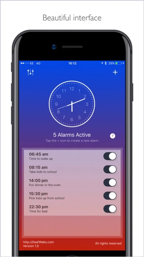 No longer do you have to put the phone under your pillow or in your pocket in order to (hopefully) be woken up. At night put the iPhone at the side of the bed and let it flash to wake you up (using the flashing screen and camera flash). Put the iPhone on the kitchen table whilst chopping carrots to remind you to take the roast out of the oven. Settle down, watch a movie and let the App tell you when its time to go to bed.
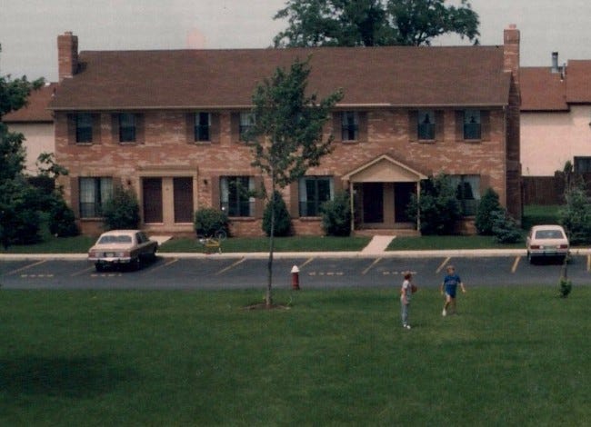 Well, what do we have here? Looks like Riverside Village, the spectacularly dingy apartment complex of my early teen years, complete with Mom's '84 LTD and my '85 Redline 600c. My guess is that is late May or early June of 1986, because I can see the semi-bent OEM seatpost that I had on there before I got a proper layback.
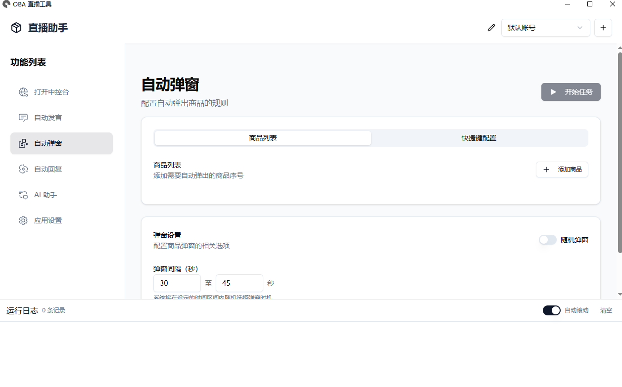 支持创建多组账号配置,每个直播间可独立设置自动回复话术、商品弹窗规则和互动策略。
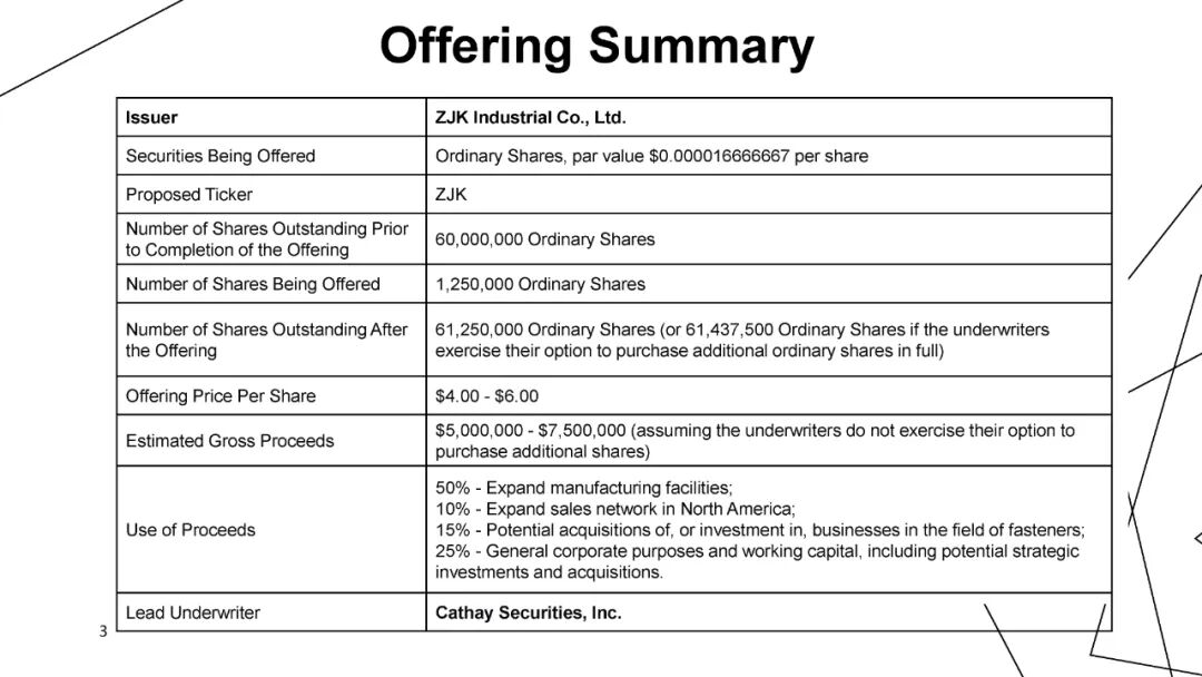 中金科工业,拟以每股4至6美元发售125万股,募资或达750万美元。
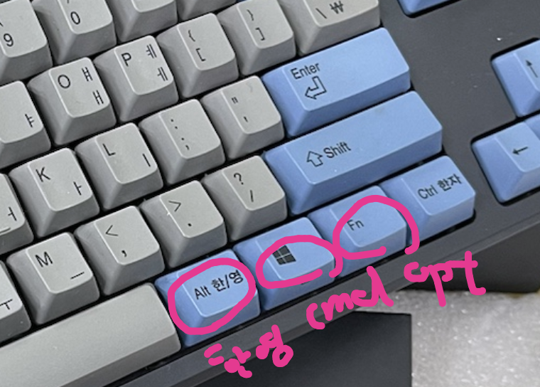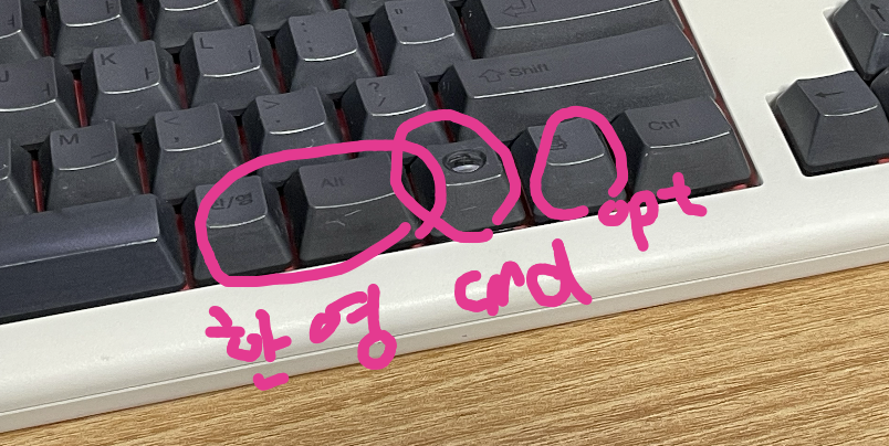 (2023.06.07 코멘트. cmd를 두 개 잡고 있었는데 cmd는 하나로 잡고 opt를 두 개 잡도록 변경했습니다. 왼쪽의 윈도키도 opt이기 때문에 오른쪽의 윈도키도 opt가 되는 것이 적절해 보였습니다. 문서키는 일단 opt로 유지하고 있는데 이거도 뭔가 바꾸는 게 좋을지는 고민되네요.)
##############################
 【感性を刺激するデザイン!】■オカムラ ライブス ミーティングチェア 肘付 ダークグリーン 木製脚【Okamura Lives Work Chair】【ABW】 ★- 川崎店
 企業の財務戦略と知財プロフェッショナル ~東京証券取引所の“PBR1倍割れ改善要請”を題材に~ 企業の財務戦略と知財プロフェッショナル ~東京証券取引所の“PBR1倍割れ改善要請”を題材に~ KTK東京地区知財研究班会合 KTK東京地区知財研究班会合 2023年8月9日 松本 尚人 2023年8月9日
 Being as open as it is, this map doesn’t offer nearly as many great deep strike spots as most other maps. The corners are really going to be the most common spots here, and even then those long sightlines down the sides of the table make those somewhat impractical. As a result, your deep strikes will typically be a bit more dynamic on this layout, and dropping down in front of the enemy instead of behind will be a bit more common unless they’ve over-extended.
##############################
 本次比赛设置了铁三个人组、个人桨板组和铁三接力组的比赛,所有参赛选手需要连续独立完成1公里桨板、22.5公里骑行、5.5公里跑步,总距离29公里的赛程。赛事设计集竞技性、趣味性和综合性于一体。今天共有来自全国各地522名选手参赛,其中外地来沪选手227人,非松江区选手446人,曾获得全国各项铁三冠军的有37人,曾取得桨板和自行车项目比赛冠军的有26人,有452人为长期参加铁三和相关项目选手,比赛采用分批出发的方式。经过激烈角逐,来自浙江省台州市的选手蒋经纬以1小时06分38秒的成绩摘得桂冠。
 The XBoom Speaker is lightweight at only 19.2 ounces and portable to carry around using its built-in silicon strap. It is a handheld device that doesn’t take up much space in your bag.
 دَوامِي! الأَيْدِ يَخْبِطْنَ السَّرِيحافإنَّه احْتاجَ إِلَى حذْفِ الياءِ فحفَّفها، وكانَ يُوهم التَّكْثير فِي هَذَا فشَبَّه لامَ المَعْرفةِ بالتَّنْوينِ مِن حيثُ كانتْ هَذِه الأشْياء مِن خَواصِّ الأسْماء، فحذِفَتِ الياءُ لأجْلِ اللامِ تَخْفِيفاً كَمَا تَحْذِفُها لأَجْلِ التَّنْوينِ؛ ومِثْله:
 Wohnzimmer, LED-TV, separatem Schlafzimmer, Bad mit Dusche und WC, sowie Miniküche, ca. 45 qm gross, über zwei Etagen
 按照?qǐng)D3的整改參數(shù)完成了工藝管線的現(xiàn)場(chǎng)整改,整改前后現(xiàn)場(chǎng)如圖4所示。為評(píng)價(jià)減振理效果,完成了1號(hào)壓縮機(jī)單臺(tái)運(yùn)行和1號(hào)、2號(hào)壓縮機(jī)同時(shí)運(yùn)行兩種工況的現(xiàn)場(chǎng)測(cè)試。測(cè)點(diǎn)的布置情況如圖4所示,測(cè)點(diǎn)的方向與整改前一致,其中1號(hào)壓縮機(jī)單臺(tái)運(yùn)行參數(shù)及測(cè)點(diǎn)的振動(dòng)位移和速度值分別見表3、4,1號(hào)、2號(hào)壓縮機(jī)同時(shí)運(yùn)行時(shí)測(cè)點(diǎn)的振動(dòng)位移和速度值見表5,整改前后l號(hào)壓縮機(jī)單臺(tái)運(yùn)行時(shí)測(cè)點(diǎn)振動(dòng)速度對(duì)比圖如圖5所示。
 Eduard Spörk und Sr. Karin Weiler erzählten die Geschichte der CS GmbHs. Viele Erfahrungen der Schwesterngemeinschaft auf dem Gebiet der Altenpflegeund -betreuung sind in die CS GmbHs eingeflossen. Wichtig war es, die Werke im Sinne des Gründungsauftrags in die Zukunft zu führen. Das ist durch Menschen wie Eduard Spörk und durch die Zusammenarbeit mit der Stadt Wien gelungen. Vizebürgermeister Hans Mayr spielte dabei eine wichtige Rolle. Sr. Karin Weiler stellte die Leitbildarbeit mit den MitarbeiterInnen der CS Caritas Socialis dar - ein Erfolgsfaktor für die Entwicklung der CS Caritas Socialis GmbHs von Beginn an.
##############################
- **Exercise aim**
When the line with "The XBoom Speaker" is reached in the data above, begin copying, and stop after the line with "دَوامِي! الأَيْدِ يَخْبِطْنَ"; copy each line exactly, both ends included.

- **Finished exercise**
 The XBoom Speaker is lightweight at only 19.2 ounces and portable to carry around using its built-in silicon strap. It is a handheld device that doesn’t take up much space in your bag.
 دَوامِي! الأَيْدِ يَخْبِطْنَ السَّرِيحافإنَّه احْتاجَ إِلَى حذْفِ الياءِ فحفَّفها، وكانَ يُوهم التَّكْثير فِي هَذَا فشَبَّه لامَ المَعْرفةِ بالتَّنْوينِ مِن حيثُ كانتْ هَذِه الأشْياء مِن خَواصِّ الأسْماء، فحذِفَتِ الياءُ لأجْلِ اللامِ تَخْفِيفاً كَمَا تَحْذِفُها لأَجْلِ التَّنْوينِ؛ ومِثْله:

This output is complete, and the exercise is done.